Smith's work with DIIV has been described as krautrock, post-punk and shoegaze.

Smith's favorite albums include Arthur Russell's Love Is Overtaking Me (2008), Red Krayola's The Parable of Arable Land (1967) and Faust's The Faust Tapes (1973). The songs on Oshin were influenced by German psychedelic bands such as Kluster, La Düsseldorf, Neu! and Can. Additionally, Smith cited Nirvana and world music as sources of inspiration. According to Smith, Is the Is Are was influenced by Elliott Smith and Royal Trux.

== Personal life ==
Smith was in a relationship with singer and model Sky Ferreira. On September 13, 2013, the night before DIIV was scheduled to perform at the music festival Basilica Soundscape in Hudson, New York, Smith’s unregistered Ford pickup truck was pulled over in the nearby town of Saugerties and police found "42 decks" of heroin on him as well as ecstasy on Ferreira. Smith was charged with "two counts of criminal possession of a controlled substance, one count of possession of stolen property and one count of aggravated unlicensed driving, all misdemeanors". Additionally, he was charged with "violations of unregistered motor vehicle, driving without insurance, unlicensed driver, and having an inadequate exhaust system". He was ordered to go to rehab for 11 days in January 2014.

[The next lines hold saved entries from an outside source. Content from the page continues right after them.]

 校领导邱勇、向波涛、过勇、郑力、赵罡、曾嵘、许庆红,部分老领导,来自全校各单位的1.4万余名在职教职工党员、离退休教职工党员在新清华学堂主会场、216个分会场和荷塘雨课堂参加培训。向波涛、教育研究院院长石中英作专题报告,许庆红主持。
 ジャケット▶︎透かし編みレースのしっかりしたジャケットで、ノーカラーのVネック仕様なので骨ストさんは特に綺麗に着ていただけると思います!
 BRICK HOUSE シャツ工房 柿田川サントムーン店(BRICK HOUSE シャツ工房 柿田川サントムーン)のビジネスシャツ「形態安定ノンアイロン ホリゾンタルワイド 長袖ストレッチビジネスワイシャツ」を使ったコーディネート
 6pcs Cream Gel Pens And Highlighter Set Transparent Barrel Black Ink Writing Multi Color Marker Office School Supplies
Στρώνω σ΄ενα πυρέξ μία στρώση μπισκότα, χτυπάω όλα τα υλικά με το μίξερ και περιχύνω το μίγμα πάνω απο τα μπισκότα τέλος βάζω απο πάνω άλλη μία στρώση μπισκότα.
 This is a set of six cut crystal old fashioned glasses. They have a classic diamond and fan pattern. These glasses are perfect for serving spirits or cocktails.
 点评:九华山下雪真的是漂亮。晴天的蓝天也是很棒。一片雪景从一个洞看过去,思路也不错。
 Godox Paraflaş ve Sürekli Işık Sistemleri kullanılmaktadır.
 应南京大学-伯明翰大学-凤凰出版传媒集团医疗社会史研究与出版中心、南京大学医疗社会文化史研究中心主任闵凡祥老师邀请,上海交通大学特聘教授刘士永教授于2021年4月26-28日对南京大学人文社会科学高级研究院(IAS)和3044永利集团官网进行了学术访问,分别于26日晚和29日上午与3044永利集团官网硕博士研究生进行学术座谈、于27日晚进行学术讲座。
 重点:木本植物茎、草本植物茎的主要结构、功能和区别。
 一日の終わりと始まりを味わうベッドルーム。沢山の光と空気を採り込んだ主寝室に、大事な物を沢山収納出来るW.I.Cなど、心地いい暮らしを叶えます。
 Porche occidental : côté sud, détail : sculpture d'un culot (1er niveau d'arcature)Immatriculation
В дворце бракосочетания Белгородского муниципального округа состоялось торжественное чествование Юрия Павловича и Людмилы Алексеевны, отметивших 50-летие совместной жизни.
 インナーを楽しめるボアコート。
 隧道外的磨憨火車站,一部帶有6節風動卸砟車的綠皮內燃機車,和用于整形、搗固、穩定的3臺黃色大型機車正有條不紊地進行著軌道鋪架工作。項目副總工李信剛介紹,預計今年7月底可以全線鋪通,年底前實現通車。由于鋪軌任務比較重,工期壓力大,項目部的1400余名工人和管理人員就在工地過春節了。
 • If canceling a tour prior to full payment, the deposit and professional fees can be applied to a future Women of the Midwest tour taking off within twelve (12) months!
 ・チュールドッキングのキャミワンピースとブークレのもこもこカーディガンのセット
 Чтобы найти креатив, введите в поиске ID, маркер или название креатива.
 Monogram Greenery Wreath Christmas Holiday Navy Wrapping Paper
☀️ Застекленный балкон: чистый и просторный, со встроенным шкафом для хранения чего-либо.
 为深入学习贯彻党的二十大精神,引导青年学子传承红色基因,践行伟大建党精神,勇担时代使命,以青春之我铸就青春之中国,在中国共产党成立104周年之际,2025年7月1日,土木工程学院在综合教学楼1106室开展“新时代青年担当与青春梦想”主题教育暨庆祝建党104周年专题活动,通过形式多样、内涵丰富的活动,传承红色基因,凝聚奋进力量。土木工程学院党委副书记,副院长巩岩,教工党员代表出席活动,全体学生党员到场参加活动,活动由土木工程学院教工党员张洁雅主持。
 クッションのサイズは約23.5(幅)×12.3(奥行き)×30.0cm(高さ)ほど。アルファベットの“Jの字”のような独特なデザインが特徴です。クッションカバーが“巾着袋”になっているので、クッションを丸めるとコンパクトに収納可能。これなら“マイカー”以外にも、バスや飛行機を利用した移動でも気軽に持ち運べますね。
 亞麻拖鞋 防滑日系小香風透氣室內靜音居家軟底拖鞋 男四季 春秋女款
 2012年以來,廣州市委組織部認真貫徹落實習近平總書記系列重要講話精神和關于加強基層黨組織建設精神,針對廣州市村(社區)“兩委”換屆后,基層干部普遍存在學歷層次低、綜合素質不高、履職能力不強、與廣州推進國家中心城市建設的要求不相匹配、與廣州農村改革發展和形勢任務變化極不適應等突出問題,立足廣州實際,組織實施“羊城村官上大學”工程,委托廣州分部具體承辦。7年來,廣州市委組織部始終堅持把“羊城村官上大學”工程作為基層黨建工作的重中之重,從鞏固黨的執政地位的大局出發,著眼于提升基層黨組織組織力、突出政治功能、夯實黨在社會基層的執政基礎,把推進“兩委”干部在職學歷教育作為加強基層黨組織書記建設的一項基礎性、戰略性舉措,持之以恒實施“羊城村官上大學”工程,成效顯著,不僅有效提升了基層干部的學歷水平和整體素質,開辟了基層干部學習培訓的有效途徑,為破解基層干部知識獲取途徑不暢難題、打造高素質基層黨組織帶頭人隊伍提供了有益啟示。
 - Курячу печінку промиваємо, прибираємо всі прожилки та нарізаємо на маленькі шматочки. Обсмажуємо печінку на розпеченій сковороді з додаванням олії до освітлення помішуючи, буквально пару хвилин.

Smith is a vegan. He lived in Catskill, New York before returning to New York City in 2015.

On February 3, 2017, Smith announced he was checking in for "long-haul" inpatient treatment.

On February 9, 2020, Smith married his girlfriend Dani Nelson. The ceremony was held at the Bob Baker Marionette Theater in Highland Park, CA. The ceremony was attended by their families and close friends, including members of DIIV, Beach Fossils, Deafheaven, Mac Demarco, and Launder. Andrew Bailey, current guitarist for DIIV and whom Smith has been best friends with since they were 13, served as Smith's best man.

In January 2025 Smith lost his Altadena house to the 2025 Eaton Fire.

== Bands ==

- Soft Black (guitarist 2009)
- Beach Fossils (drummer 2010, guitarist 2011–2012)
- Darwin Deez (guitarist 2010)
- DIIV (guitarist, vocals 2011–present)
- Launder (live guitarist 2019)

==Discography==
with DIIV

- Oshin (2012)
- Is the Is Are (2016)
- Deceiver (2019)
- Frog in Boiling Water (2024)

with Launder

- Pink Cloud EP (2018)
- Powder/Chew single (2019)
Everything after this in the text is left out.